> What the task asks: Would you find each line in the entries below with the string "Christmas" and copy it?

**** Data supplied

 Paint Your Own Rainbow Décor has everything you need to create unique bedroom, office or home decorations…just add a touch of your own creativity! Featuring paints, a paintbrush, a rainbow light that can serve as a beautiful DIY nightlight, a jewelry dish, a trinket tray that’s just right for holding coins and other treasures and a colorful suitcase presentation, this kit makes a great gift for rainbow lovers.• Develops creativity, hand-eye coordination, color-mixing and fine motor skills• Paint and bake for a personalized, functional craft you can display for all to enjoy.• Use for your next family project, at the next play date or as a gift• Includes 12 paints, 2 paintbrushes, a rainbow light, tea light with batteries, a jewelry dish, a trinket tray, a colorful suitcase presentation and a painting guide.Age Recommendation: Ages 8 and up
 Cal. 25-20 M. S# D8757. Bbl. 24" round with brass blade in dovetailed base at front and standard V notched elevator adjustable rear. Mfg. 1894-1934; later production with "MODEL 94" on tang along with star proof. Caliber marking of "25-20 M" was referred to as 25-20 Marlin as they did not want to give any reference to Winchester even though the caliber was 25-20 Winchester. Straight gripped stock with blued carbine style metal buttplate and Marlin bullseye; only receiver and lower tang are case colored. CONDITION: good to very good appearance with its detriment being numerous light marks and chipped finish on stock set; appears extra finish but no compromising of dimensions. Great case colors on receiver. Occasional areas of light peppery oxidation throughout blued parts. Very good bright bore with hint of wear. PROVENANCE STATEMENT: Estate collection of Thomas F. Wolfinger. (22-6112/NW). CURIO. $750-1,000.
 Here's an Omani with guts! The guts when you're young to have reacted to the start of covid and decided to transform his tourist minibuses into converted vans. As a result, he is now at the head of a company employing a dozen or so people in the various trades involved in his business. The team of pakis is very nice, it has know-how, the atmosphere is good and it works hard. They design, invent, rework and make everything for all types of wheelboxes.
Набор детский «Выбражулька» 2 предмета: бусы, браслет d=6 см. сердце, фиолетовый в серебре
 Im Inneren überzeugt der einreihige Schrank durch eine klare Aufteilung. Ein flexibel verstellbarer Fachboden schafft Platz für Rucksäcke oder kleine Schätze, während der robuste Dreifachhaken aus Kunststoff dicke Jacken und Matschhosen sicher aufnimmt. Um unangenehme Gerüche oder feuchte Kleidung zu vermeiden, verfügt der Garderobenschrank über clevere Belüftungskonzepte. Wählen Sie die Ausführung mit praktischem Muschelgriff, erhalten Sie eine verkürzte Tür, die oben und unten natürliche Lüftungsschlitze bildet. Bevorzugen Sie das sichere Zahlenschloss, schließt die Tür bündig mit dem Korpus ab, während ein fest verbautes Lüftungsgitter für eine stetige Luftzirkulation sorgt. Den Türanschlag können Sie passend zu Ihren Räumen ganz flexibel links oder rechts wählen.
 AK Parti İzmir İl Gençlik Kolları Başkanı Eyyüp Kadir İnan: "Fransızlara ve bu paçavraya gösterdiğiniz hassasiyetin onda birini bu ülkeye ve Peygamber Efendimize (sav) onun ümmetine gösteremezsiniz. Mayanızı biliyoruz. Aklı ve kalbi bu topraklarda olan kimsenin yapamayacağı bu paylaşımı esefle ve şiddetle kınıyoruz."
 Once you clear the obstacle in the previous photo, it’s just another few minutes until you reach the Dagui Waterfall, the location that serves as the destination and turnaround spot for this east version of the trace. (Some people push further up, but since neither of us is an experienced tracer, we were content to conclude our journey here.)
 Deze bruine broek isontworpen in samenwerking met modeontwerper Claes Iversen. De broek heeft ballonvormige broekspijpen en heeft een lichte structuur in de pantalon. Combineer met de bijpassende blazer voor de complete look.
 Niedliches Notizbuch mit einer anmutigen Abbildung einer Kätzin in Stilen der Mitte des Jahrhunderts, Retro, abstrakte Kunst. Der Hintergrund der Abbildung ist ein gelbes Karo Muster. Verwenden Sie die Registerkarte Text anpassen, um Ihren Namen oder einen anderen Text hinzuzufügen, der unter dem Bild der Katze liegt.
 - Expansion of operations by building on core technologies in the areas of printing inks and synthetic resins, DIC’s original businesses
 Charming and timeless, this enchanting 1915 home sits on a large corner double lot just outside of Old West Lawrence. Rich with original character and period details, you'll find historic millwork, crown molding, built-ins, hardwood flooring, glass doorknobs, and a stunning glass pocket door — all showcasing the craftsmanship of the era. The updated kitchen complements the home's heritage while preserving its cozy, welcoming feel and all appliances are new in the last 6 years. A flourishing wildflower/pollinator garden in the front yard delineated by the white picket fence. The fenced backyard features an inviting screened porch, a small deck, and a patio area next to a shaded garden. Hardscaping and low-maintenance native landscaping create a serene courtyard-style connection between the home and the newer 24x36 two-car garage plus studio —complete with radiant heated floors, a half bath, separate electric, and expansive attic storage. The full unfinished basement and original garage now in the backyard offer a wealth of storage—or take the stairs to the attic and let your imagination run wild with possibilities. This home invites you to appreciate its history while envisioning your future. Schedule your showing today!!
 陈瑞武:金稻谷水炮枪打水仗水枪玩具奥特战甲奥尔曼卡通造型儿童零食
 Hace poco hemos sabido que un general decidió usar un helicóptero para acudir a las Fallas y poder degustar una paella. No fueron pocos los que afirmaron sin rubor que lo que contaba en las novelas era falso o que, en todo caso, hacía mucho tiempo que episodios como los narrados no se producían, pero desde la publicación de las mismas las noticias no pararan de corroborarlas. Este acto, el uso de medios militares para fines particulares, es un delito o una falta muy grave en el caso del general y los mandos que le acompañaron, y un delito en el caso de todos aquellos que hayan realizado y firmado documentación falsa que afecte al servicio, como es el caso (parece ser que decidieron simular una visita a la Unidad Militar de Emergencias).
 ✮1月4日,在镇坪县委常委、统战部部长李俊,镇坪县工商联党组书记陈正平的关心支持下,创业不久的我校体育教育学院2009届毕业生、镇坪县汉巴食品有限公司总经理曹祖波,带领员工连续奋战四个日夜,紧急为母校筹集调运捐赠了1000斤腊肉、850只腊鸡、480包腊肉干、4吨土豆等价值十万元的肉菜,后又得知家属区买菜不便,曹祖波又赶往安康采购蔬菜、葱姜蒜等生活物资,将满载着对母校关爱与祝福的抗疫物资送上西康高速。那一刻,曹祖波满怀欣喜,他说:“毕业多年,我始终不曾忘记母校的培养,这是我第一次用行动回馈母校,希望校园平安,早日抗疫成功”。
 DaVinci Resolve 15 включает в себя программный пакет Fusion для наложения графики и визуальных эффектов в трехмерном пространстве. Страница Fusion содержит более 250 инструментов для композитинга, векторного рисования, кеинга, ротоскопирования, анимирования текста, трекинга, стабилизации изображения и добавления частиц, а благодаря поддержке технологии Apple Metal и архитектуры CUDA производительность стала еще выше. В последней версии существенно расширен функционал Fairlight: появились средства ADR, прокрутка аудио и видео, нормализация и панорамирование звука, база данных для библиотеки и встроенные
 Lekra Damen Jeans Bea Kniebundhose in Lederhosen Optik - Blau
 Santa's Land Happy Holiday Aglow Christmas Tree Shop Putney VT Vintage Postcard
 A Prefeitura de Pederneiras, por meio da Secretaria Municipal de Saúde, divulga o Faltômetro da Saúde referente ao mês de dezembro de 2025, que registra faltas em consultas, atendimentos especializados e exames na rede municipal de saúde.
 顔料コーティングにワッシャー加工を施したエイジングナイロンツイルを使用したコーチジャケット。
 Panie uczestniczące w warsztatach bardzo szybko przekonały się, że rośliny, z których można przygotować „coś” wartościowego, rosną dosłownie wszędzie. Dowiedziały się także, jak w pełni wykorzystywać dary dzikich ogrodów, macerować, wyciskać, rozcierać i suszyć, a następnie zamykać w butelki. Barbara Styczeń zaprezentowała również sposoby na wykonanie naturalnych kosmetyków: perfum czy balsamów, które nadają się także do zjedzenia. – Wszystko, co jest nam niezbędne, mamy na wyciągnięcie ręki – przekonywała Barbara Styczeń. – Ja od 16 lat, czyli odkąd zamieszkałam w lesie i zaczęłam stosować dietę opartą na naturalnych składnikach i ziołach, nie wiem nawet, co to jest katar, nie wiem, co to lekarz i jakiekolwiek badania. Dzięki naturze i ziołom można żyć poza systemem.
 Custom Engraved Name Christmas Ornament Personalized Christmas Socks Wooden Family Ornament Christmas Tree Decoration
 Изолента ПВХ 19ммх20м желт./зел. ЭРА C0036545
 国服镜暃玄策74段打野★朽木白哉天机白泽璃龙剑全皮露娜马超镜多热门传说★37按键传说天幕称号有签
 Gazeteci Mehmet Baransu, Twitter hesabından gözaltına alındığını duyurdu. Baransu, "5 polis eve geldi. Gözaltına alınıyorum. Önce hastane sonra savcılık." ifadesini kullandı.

********

> Exercise result:
 Santa's Land Happy Holiday Aglow Christmas Tree Shop Putney VT Vintage Postcard
 Custom Engraved Name Christmas Ornament Personalized Christmas Socks Wooden Family Ornament Christmas Tree Decoration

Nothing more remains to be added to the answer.